Suicide rates were consistently higher for males across all years. In many countries, male suicide rates are 3–4 times higher than females, possibly due to social expectations, underdiagnosed mental health issues, or reluctance to seek help.

#### Average Suicide Rate by Gender

In [None]:
# Group by gender (sex)
gender_data = suicide_df.groupby('sex')[['suicides_no', 'population']].sum().reset_index()

# Calculate suicide rate per 100k
gender_data['suicide_rate'] = (gender_data['suicides_no'] / gender_data['population']) * 100000

plt.figure(figsize=(8, 5))
sns.barplot(data=gender_data, x='sex', y='suicide_rate', hue = 'sex', palette='Set2')

plt.title('Average Global Suicide Rate by Gender (1985–2016)')
plt.xlabel('Gender')
plt.ylabel('Suicide Rate per 100,000')
plt.tight_layout()
plt.show()

The suicide rate for males is significantly higher than for females, often 2x–4x depending on the country. This gender gap is consistent globally and may relate to social, psychological, and cultural factors.

#### 3.3 Suicide Rate by Age Group

In [None]:
# Group by age
age_data = suicide_df.groupby('age')[['suicides_no', 'population']].sum().reset_index()
age_data['suicide_rate'] = (age_data['suicides_no'] / age_data['population']) * 100000

# Sort for better visual
age_data = age_data.sort_values(by='suicide_rate', ascending=True)

# Plot
plt.figure(figsize=(10, 5))
sns.barplot(data=age_data, x='age', y='suicide_rate', hue= 'age', palette='magma')
plt.title('Average Suicide Rate by Age Group')
plt.xlabel('Age Group')
plt.ylabel('Suicide Rate')
plt.tight_layout()
plt.show()


The 55–74 and 75+ age groups had the highest suicide rates on average. This aligns with global studies linking suicide in older populations to loneliness, illness, and reduced social support systems.

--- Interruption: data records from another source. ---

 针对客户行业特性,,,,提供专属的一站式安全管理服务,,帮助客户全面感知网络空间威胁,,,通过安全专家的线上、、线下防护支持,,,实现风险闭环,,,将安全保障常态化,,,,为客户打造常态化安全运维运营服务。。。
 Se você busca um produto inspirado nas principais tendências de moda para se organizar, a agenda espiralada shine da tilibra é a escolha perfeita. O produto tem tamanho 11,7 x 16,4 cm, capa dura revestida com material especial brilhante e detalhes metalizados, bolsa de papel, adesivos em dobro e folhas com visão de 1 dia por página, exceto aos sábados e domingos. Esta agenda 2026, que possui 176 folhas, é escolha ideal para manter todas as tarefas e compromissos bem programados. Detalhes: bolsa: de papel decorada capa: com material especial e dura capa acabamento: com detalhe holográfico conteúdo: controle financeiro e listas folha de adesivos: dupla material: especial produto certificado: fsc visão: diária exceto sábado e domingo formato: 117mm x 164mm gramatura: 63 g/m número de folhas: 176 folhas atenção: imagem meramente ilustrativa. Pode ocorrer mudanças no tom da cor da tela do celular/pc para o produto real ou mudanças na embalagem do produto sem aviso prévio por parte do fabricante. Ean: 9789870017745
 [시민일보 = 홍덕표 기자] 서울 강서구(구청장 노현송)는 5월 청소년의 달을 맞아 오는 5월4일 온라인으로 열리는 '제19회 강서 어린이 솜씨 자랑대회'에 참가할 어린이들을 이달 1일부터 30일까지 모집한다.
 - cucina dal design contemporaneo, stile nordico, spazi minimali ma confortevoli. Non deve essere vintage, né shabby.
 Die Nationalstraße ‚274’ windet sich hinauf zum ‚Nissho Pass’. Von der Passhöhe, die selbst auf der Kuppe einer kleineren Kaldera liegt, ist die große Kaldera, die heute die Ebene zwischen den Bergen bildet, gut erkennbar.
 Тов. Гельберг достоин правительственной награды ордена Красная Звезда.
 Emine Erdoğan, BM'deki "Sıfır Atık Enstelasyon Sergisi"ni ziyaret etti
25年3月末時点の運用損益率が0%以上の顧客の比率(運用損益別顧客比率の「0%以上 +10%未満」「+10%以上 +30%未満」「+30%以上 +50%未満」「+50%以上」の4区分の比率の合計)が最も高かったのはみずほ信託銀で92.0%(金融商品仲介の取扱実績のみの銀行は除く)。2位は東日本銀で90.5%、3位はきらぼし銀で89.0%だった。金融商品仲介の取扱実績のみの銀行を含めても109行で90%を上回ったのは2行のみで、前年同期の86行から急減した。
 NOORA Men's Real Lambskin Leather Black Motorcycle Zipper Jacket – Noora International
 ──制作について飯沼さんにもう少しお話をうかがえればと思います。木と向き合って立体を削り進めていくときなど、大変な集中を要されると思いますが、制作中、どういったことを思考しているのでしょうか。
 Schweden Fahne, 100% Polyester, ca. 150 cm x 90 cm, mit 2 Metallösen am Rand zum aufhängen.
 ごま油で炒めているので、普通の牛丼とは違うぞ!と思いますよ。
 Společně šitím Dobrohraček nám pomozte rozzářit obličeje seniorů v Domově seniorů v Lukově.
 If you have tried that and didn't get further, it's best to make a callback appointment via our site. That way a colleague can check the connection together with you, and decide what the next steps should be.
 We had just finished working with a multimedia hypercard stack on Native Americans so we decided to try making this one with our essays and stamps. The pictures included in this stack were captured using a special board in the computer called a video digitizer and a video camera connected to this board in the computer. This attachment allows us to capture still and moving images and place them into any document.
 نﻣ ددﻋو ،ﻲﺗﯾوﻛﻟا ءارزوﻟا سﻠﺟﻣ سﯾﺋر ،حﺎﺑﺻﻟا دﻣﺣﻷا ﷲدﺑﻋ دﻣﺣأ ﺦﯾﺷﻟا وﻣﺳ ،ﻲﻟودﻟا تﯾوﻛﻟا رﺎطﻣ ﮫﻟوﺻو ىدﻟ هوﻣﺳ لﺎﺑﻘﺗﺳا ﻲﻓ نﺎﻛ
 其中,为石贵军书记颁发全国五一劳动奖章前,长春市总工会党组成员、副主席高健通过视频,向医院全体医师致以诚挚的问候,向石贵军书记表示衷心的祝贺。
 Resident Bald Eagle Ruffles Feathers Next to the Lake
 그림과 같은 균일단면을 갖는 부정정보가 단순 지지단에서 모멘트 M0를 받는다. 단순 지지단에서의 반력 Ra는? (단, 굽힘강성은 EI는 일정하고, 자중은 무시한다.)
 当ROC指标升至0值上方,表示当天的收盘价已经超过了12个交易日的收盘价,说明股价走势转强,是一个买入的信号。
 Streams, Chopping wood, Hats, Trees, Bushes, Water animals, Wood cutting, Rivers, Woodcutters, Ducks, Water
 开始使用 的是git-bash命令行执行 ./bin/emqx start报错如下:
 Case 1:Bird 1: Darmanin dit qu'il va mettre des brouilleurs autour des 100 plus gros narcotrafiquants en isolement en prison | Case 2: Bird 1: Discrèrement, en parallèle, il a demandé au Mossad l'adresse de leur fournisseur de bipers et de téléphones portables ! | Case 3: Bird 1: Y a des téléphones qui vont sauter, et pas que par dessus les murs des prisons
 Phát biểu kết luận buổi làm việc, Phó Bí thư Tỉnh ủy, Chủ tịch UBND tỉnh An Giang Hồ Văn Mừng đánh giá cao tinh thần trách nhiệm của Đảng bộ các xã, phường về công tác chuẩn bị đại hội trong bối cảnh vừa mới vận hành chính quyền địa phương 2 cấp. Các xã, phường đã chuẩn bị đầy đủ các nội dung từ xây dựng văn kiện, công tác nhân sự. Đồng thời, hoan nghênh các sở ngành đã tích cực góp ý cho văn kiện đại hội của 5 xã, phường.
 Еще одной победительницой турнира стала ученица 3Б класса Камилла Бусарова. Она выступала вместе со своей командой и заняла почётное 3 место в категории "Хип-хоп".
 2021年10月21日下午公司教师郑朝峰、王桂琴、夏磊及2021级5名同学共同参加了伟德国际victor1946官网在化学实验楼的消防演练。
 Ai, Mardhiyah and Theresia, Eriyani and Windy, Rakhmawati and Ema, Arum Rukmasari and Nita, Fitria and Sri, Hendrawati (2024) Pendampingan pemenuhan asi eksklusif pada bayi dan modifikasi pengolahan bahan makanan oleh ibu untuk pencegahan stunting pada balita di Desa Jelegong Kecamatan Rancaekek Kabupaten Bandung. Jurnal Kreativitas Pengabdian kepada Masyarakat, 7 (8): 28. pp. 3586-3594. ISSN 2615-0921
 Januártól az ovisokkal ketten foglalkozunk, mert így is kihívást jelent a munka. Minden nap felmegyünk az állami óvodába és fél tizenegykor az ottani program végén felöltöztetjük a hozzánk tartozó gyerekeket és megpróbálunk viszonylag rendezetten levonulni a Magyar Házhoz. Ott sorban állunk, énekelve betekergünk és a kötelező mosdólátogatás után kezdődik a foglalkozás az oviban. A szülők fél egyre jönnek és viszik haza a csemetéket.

#### Top 10 Countries with Highest Average Suicide Rates

In [None]:
# Group by country
country_data = suicide_df.groupby('country')[['suicides_no', 'population']].sum().reset_index()
country_data['suicide_rate'] = (country_data['suicides_no'] / country_data['population']) * 100000

# Sort top 10
top_countries = country_data.sort_values(by='suicide_rate', ascending=False).head(10)

# Plot
plt.figure(figsize=(12, 6))
sns.barplot(data=top_countries, y='country', x='suicide_rate', hue= 'country', palette='Reds_r')
plt.title('Top 10 Countries by Suicide Rate')
plt.xlabel('Suicide Rate per 100,000')
plt.ylabel('Country')
plt.tight_layout()
plt.show()


Countries like Lithuania, Russia, and South Korea consistently appeared at the top. Cultural, societal, and economic pressures may contribute to higher rates. Some may also have better suicide reporting systems, making stats appear higher.

#### GDP vs Suicide Rate (Correlation)

In [None]:
# Scatter plot
plt.figure(figsize=(10, 6))
sns.scatterplot(data=suicide_df, x='gdp_per_capita_$', y='suicide_rate', hue='sex', alpha=0.6)
plt.title('GDP per Capita vs Suicide Rate')
plt.xlabel('GDP per Capita ($)')
plt.ylabel('Suicide Rate per 100k')
plt.tight_layout()
plt.show()


There is no strong direct correlation between GDP per capita and suicide rate. High-income countries are not immune. This suggests that mental health is not solely dependent on wealth, access to healthcare, cultural stigma, and social support are more influential.